- _Task objective_: Pictures excluded, reproduce exactly the lines below from the one with "Blend BHCodford Herren" through the one with "얼마 전 삼성은 롤업", both included.

- _The records_:

___

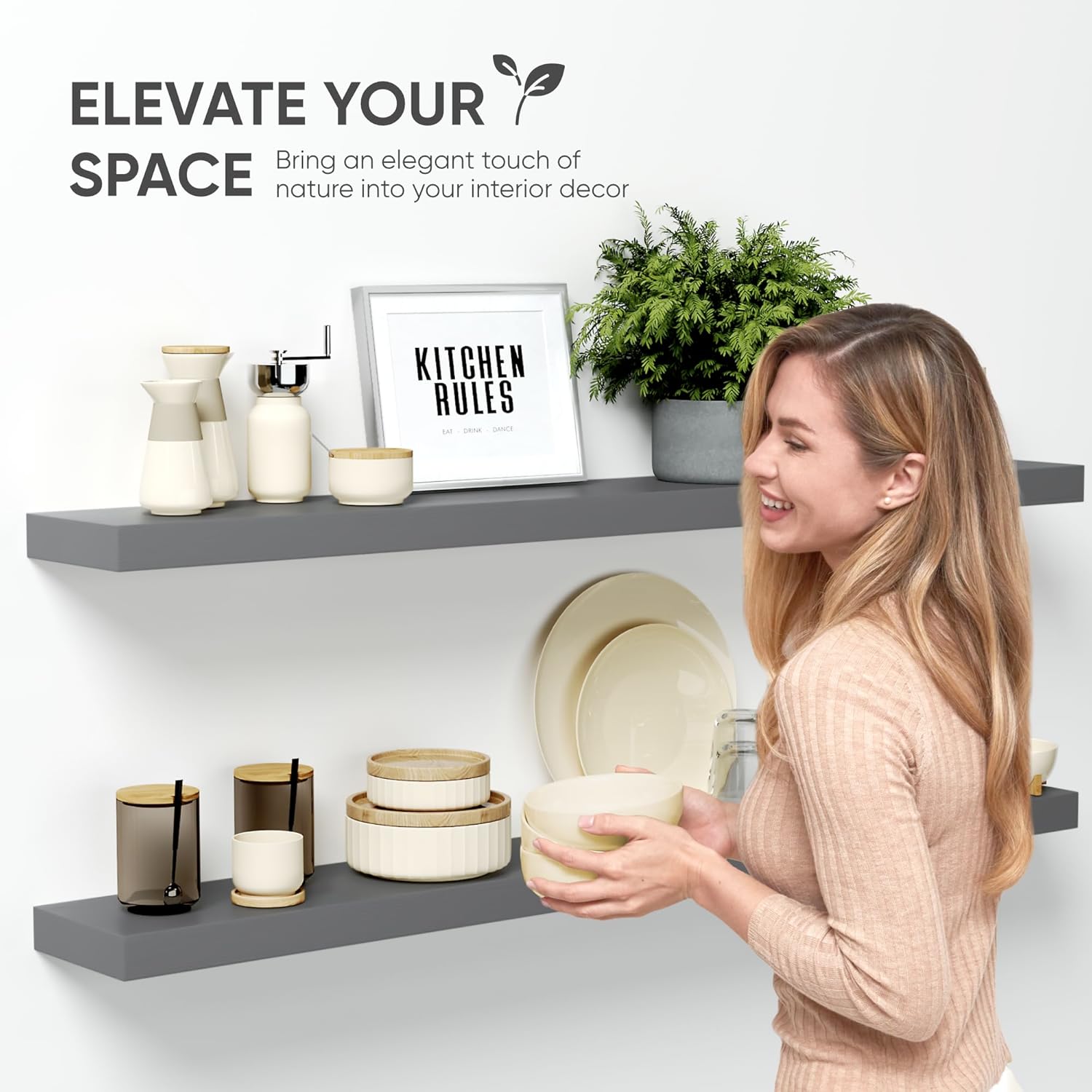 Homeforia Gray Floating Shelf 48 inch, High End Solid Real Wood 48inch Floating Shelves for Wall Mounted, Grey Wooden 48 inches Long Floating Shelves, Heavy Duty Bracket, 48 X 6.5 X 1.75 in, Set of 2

___

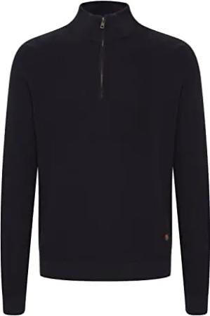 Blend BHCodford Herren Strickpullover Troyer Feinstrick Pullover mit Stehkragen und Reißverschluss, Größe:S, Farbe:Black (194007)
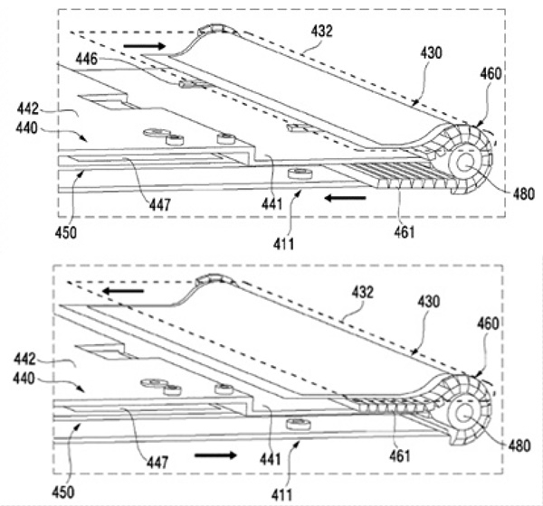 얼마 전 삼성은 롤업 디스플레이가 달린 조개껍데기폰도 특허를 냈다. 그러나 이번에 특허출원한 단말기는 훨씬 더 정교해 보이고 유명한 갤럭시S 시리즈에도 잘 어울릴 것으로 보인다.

___

- _Response below_:
 Blend BHCodford Herren Strickpullover Troyer Feinstrick Pullover mit Stehkragen und Reißverschluss, Größe:S, Farbe:Black (194007)
 얼마 전 삼성은 롤업 디스플레이가 달린 조개껍데기폰도 특허를 냈다. 그러나 이번에 특허출원한 단말기는 훨씬 더 정교해 보이고 유명한 갤럭시S 시리즈에도 잘 어울릴 것으로 보인다.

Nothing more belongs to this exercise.